*Provided material:*
********************
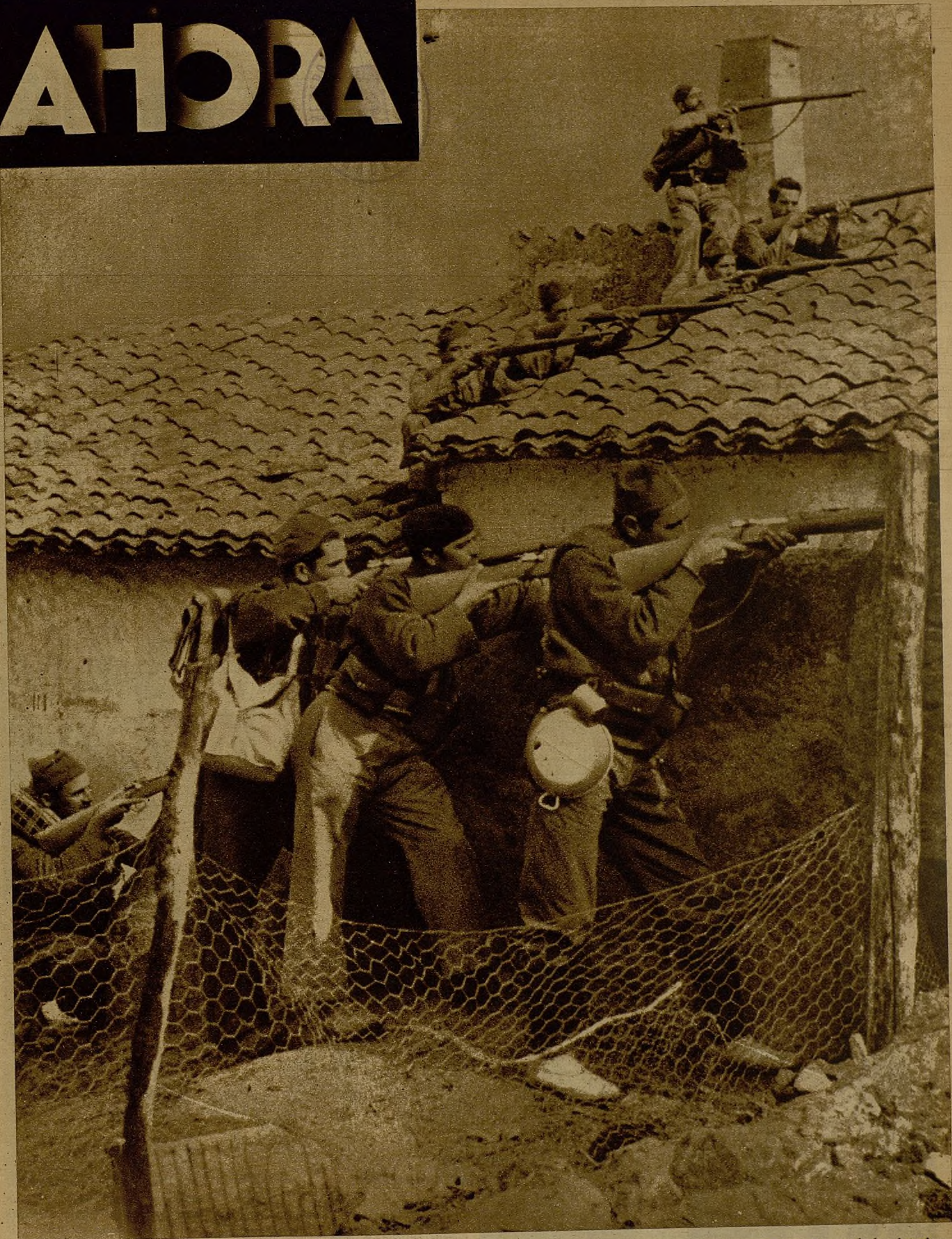
LA LUCHA EN LOS PUEBLOS DEL FRENTE DEL TAJO. —Después de la lucha en campo abierto—esfuerzo heroico en pos de la victoria—, las tropas republicanas toman por asalto un pequeño pueblo. La lucha se convierte en una trabajosa conquista del terreno palmo a palmo, casa a casa. Más tarde, lo que fué objetivo militar, ya logrado, se convertirá en parapeto
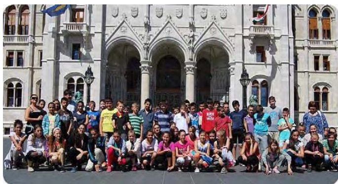
Testvériskolánk tanulóival a megújult Kossuth téren

A testvériskolai pályázat keretében 30 diákunk és az őt kísérő pedagógusok tartalmas 5 napos kiránduláson vettek részt. Cél: Budapest és a Duna-kanyar volt.
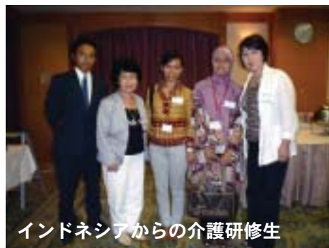
インドネシアからの介護研修生
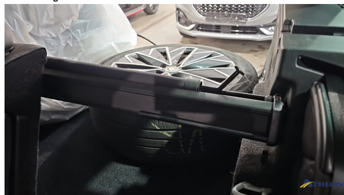
11. Zubehörausstattung Kratzer
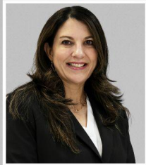
Cecilia Boyd Olivero Garza Sr. Elementary
********************
*Work to be completed:* Starting at the line containing "Testvériskolánk tanulóival a" and finishing at the line containing "11. Zubehörausstattung Kratzer", return those lines exactly as they appear above, without the pictures.

*Solved exercise:*
Testvériskolánk tanulóival a megújult Kossuth téren

A testvériskolai pályázat keretében 30 diákunk és az őt kísérő pedagógusok tartalmas 5 napos kiránduláson vettek részt. Cél: Budapest és a Duna-kanyar volt.
インドネシアからの介護研修生
11. Zubehörausstattung Kratzer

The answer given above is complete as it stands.